I went to the college fair tonight at school. Chris was there. Each day that goes by, I lose my desire to chase after him, knowing that it won't work, and that he is not who I truly want either. He was a challenge before, but now I am just not up for it anymore. Antonio was there too, and I still think that he is extremely cute and charming. I love his teeth. I would be so happy if he asked me to the prom, but I don't think that he will. I wonder if he is going at all. Still, Joe is not a challenge at all. I'm not saying that I'm looking for a true challenge, because that would be stupid...but I feel so very unspecial. So, he likes me. Great. I don't really like him back, and it's not worth my while to even try to make him mine or anything. Can you see what I'm saying? I don't want to put an effort into building a relationship that I don't want to be in. Yet, I don't have the guts to stop this before it goes any further, and I'm afraid that soon enough I will be spiraling into unhappiness.
The one thing that I have longed to do for my whole life is enter the minds of others.
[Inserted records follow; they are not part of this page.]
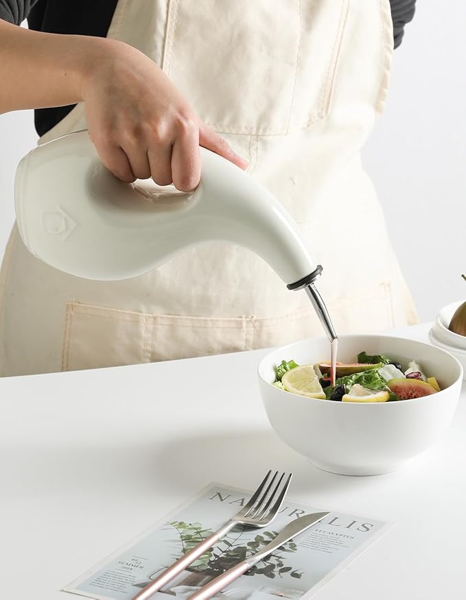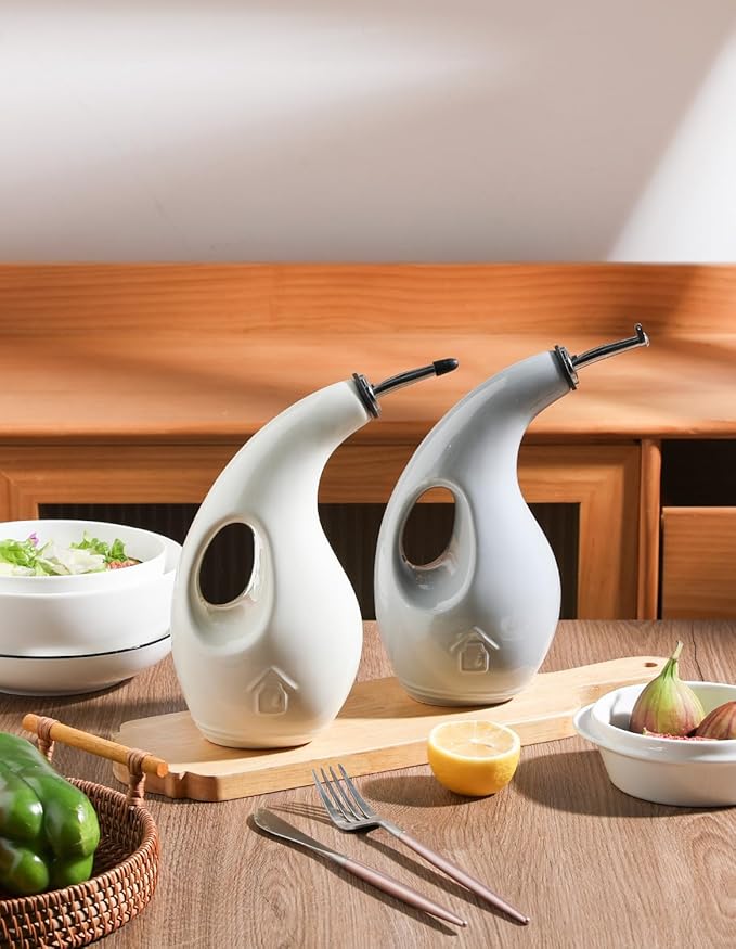 - Leak Proof & Keep Liquid Fresh - The bottle is made of durable ceramic that creates a smooth glaze. And the opaque porcelain bottle protects the oil from light and makes it last longer.
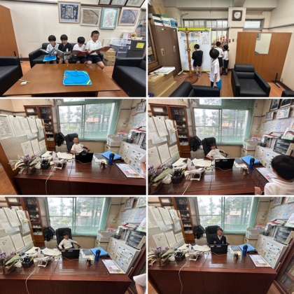 2年生は国語の学習で「はたらく人に話を聞こう」という学習をしています。前回も話を聞きに来た子どもたちがいますが、今日は別のクラスの子どもたちが校長室にやってきました。
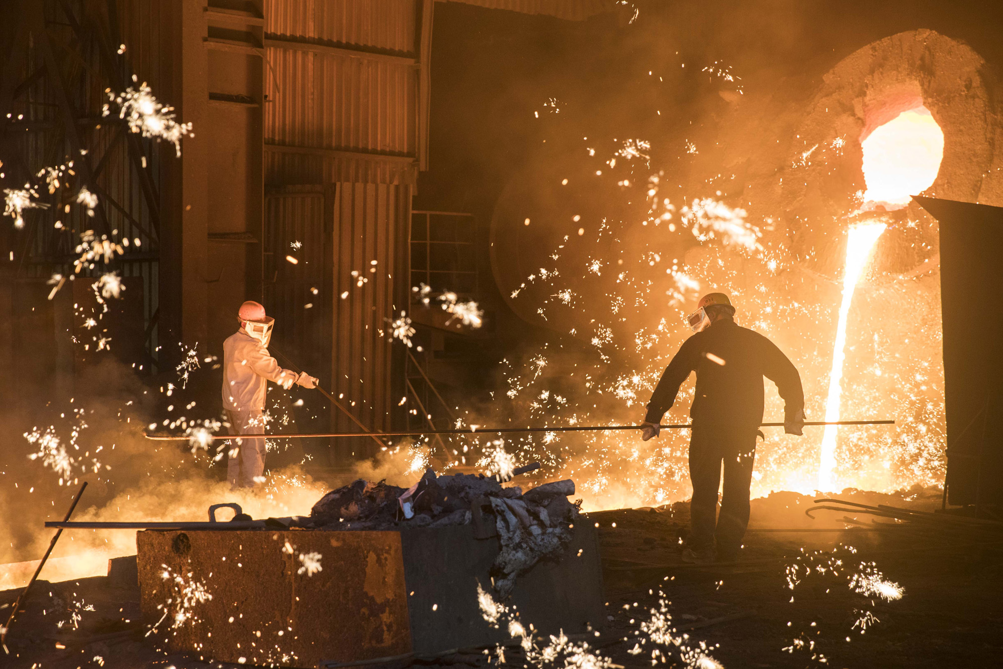 最后一爐鐵水運到鑄鐵機,鑄鐵工進行鑄鐵澆鑄。

I would love to see their thoughts, and feel what they're feeling, and that way I could better understand them. Perhaps there is an extremely egocentric reason too, as I would love to know what people thought of me. So many times, others don't know your true feelings because you stash them away, hidden. I don't think that's the right way to be, yet that's the way I am. It is such a curious thing to imagine what others think and why they think that way. It would make life a whole lot easier sometimes if you could know.
In conclusion, I don't know what to do. I know I'm not ready for this whole boyfriend thing yet. Call me immature or whatever, but geez. I don't want to feel pressured to bring him to my prom either. Just because I'm doing him a favor by going to his doesn't mean that I still can't go alone to mine, right? If I take anyone from school, there are only two possible candidates whom I will consider. Hey, I have standards you know. One would be Antonio, and the other would be Michael. I was just thinking of something, though. I so hope that no one every stumbles across this diary. It would ultimately be my demise and the utter end of my life.
I am dreading Friday. I hate Friday now. Maybe he'll forget. Oh, I hope so. ĦAh, que mal suerte!